POSITION OF
THE FEDERATION OF STATE MEDICAL BOARDS
IN SUPPORT OF ADOPTION OF
PAIN MANAGEMENT GUIDELINES
Background and Statement of the
Problem
Recent years have seen
increased public demand for improvement in medical management of pain,
concurrent with advances in medical knowledge regarding the use of
controlled substances (including opioids) in the treatment of cancer and
chronic noncancer pain. While committed to ensuring the public has access
to physicians competent in providing effective pain management, state
medical boards have a duty to protect the public from endangerment by
physicians who improperly use and prescribe controlled substances.

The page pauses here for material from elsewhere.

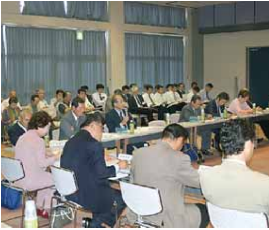
地方税の納期調整方針（案）

Physician fear of investigation and/or disciplinary
action by state and federal regulatory agencies for prescribing opioids to
manage long-term pain may be a significant factor in inadequate pain
control and unnecessary patient suffering. In addition, physician
perception that regulatory processes are confusing and potentially
restrict their ability to appropriately prescribe for chronic pain
management also contributes to inadequate pain control, as does lack of
knowledge of current and accepted standards for practice. Clearly, the
need existed for consistent standards regulating the use of controlled
substances in the management of chronic malignant and non-malignant pain
to be adopted or developed, especially in states where none exist.
Call to Action
The Federation initiated a project in 1997 to
develop model guidelines to assist state medical boards and other
healthcare regulatory boards in promoting the appropriate use of
controlled substances in the management of chronic cancer and non-cancer
pain. The project was developed in collaboration with the American Society
of Law, Medicine and Ethics, the American Pain Society, the American
Academy of Pain Medicine, the University of Wisconsin Pain and Policies
Studies Group, pharmaceutical companies, and state medical boards. This
diverse group allowed varied perspectives to be considered in the drafting
and development of the Federation's Model
Guidelines for the Use of Controlled Substances for the Treatment of Pain.
The
Federation's House of Delegates adopted the
Model Guidelines as policy in May
1998, and over 144,000 copies have been distributed to state medical
boards, medical professional organizations, other health care regulatory
boards, patient advocacy groups, and state and federal regulatory
agencies. Many states have used the Federation's
Model Guidelines in drafting
their guidelines and some states have chosen to adopt the
Model
Guidelines
in their entirety. As of March 1, 2000, only twelve states have
no guidelines or law addressing pain management.1
The guidelines adopted by
the Federation's House of Delegates in 1998 promote public health by
facilitating the provision of adequate and effective pain control and
educating the medical community on treating chronic pain within the bounds
of professional practice. Adoption of guidelines assist in educating
licensees about the legitimate medical uses of controlled substances and
limit potential drug diversion and inappropriate prescribing practices.
Creating uniform
standards for use by boards in evaluating cases involving controlled
substances for pain management accomplishes two goals: (1) protecting the
public from the substandard use of controlled substances in the treatment
of cancer and chronic noncancer pain; and (2) improvement in public
access to appropriate and effective pain relief.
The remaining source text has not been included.